Problem statement: The data that follows must be transcribed in full and exactly, minus the pictures.

Recorded data:
============================================================
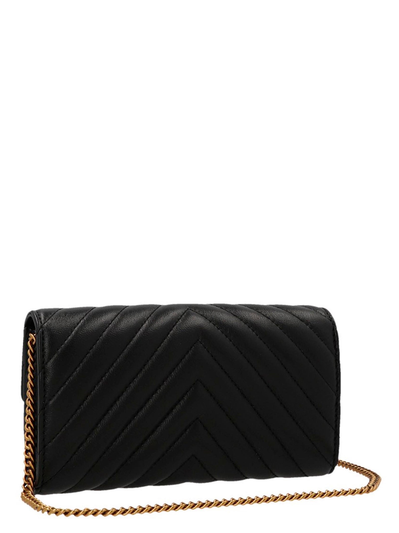 One Wallet Chevron' quilted leather wallet with magnetic closure with front metal logo application and a removable chain shoulder strap.
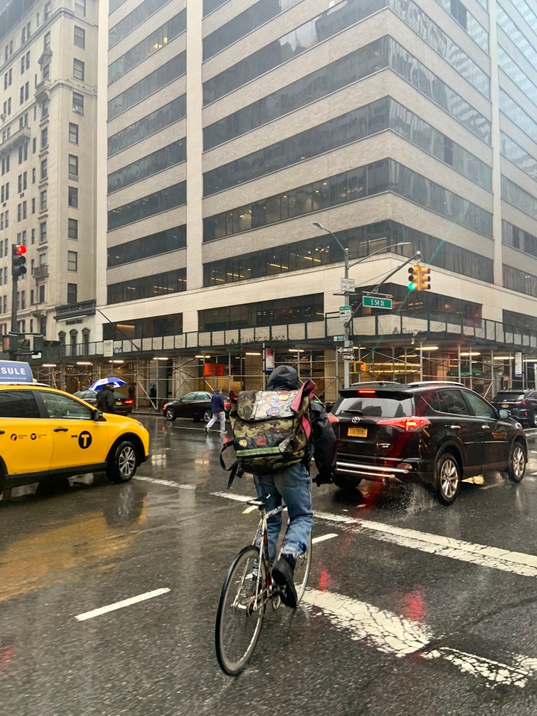 He’s against the idea of riding a cargo-bike or an electric-bike, which could potentially help him carry a heavier load or travel longer distances. He called a passing Whole Foods cargo bike a “caterpillar” and said the clunkiness would make his work more dangerous. Instead, he chooses to ride only with a waterproof black backpack strapped to his back.
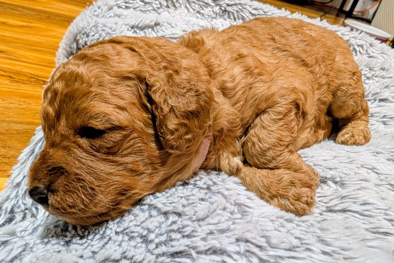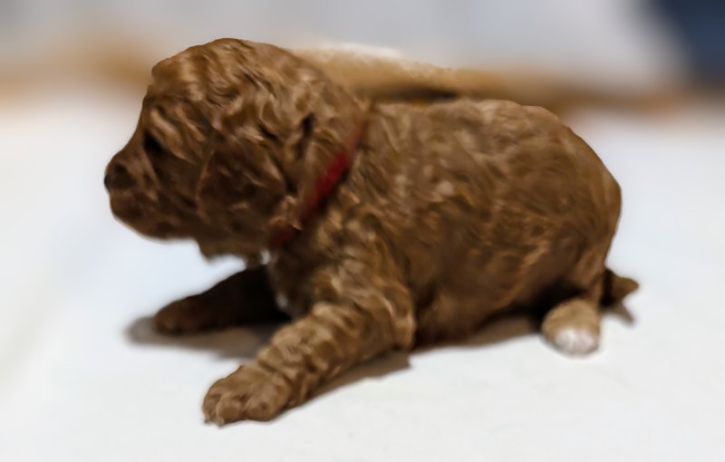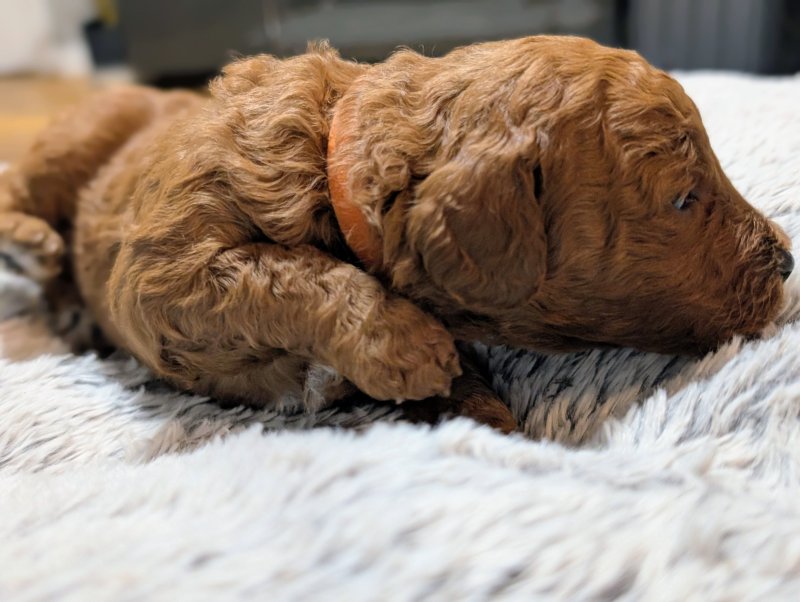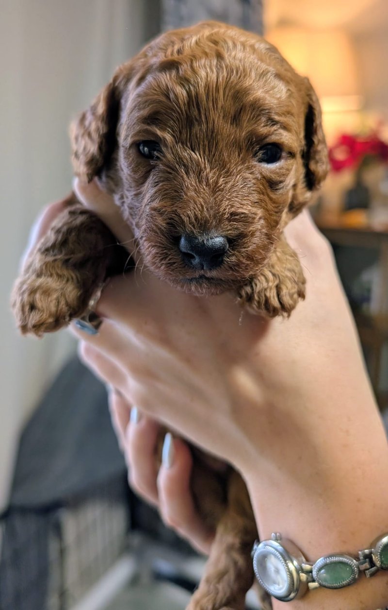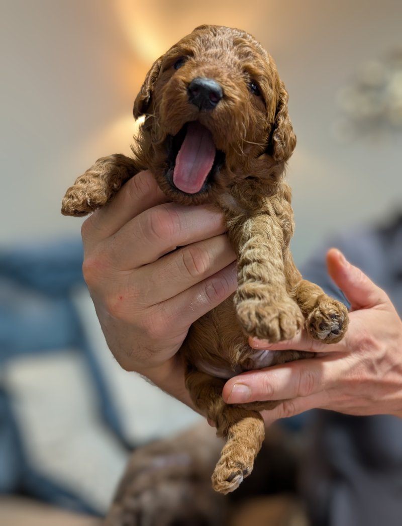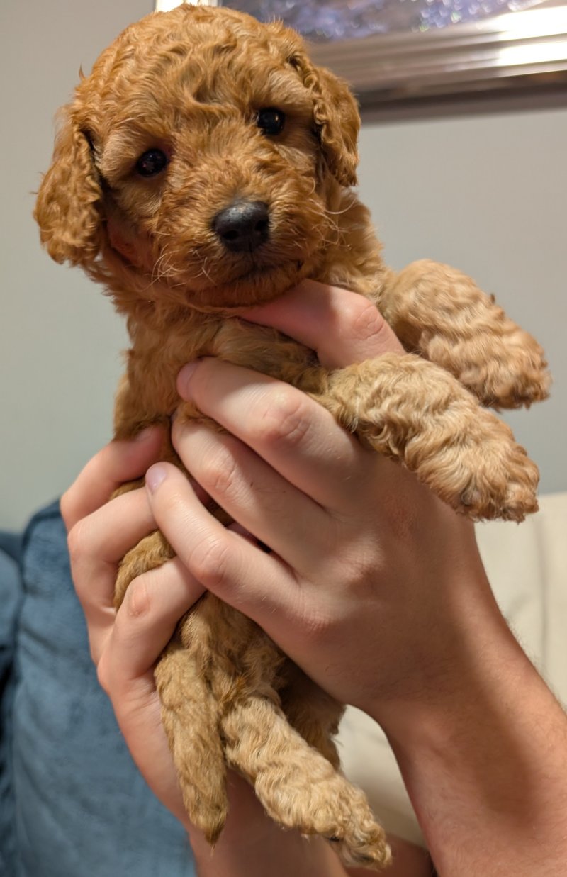 Mum, “Ruby” is our cherished 3-year-old family pet. She is a stunning red block KC miniature poodle with a sweet, funny and loving temperament, and she has taken to motherhood beautifully.
============================================================
Result of this task:
 One Wallet Chevron' quilted leather wallet with magnetic closure with front metal logo application and a removable chain shoulder strap.
 He’s against the idea of riding a cargo-bike or an electric-bike, which could potentially help him carry a heavier load or travel longer distances. He called a passing Whole Foods cargo bike a “caterpillar” and said the clunkiness would make his work more dangerous. Instead, he chooses to ride only with a waterproof black backpack strapped to his back.
 Mum, “Ruby” is our cherished 3-year-old family pet. She is a stunning red block KC miniature poodle with a sweet, funny and loving temperament, and she has taken to motherhood beautifully.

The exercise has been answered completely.